この人や時間や空間などの巡り会わせは、必然的でもあり偶然的なときもあり、よくよく不思議な巡り会わせであります。
今回の新型コロナウイルス禍によって、いつも会える顔なじみの遍路さんや、初めて会う遍路さんに出会う機会が少なくなったことで、遍路さんの皆さんと毎年のように顔を見て話をしていたことが改めて貴重な時であることを実感しています。
千利休の言葉で「一期一会」という茶道の言葉があり、一生に一度という意味で使われることがありますが、小豆島霊場とお遍路さんとの一期一会の関係とは、毎年の巡拝の時に出会う時であり、その瞬間は二度と同じ時間が巡ってこない大切な時であります。
しかし、今回のコロナ禍によってほとんどの霊場公認団体の巡拝や、個人先達の方々の巡拝が中止となり、この一期一会の大切な時をむかえる機会がなくなりましたことは心から残念に思います。
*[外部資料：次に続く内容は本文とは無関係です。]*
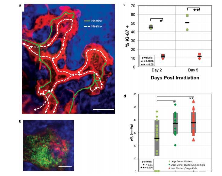 (a)nestin-GFP小鼠的血管連接圖顯示,nestin+血管位于竇道的上游并向竇道排水。表示血流方向的箭頭是通過(guò)視頻速率成像跟蹤標(biāo)記的RBC的移動(dòng)確定的,并疊加在BM血管的最大強(qiáng)度投影圖上(紅色=血管染料,綠色=nestinGFP/RBC,藍(lán)色=SHG骨信號(hào))。綠色實(shí)線表示血管與鄰近的nestin+細(xì)胞,白色虛線表示nestin-血管。縮放條~100μm。(b)一個(gè)通用DsRed受體的骨髓在移植了來(lái)自通用GFP供體的2,500萬(wàn)個(gè)骨髓細(xì)胞5天后的體內(nèi)圖像。紅色=DsRed,綠色=GFP,藍(lán)色=骨的SHG。縮放條~100μm。(c)移植后第2天(n=3只小鼠)和第5天(n=2只小鼠),通過(guò)FACS對(duì)綠色(供體)和紅色(宿主)骨髓細(xì)胞進(jìn)行Ki-67染色。每個(gè)符號(hào)代表不同的小鼠。刻度線(第2天)為平均值的±標(biāo)準(zhǔn)偏差。(d)與小的供體細(xì)胞群/單細(xì)胞(4只小鼠,n=16個(gè)位置)和宿主細(xì)胞群/單細(xì)胞(5只小鼠,n=40個(gè)位置)相比,大的供體細(xì)胞群(4只小鼠,n=19個(gè)位置)區(qū)域的體內(nèi)pO2值。圖中顯示了每組數(shù)據(jù)的平均值(黑線)和±標(biāo)準(zhǔn)偏差(陰影框)。

そこで、小豆島霊場会では今年度の小豆島霊場巡拝を中止して巡拝ができなかった遍路さんの代わりに、全先達の名前を全札所に奉納し、皆さまの家内安全・身体健全・商売繁昌・五穀豊穣・各家先祖供養などの代参巡拝を執り行い、先達の皆さんの心と小豆島霊場寺院各本尊様との絆を繋げていきたいと思っています。この状況が収束した時には是非小豆島霊場を安心して巡拝していただき、その時には新しい一期一会の大切な時間を過ごしていただきたいと思います。
その時には、小豆島霊場寺院住職や寺族をはじめ、旅館や巡拝関係業者の方々共々に皆さまを心からのおもてなしをさせていただきたいと思います。
また小豆島霊場会では、このコロナ禍によって、苦渋の選択で毎年のさまざまな行事を仕方なく中止しなければならなくなりました。
しかし今は一人一人が我慢をして、大切な人をお互いに思い合い、この危機的状況を乗り越えていかなければなりません。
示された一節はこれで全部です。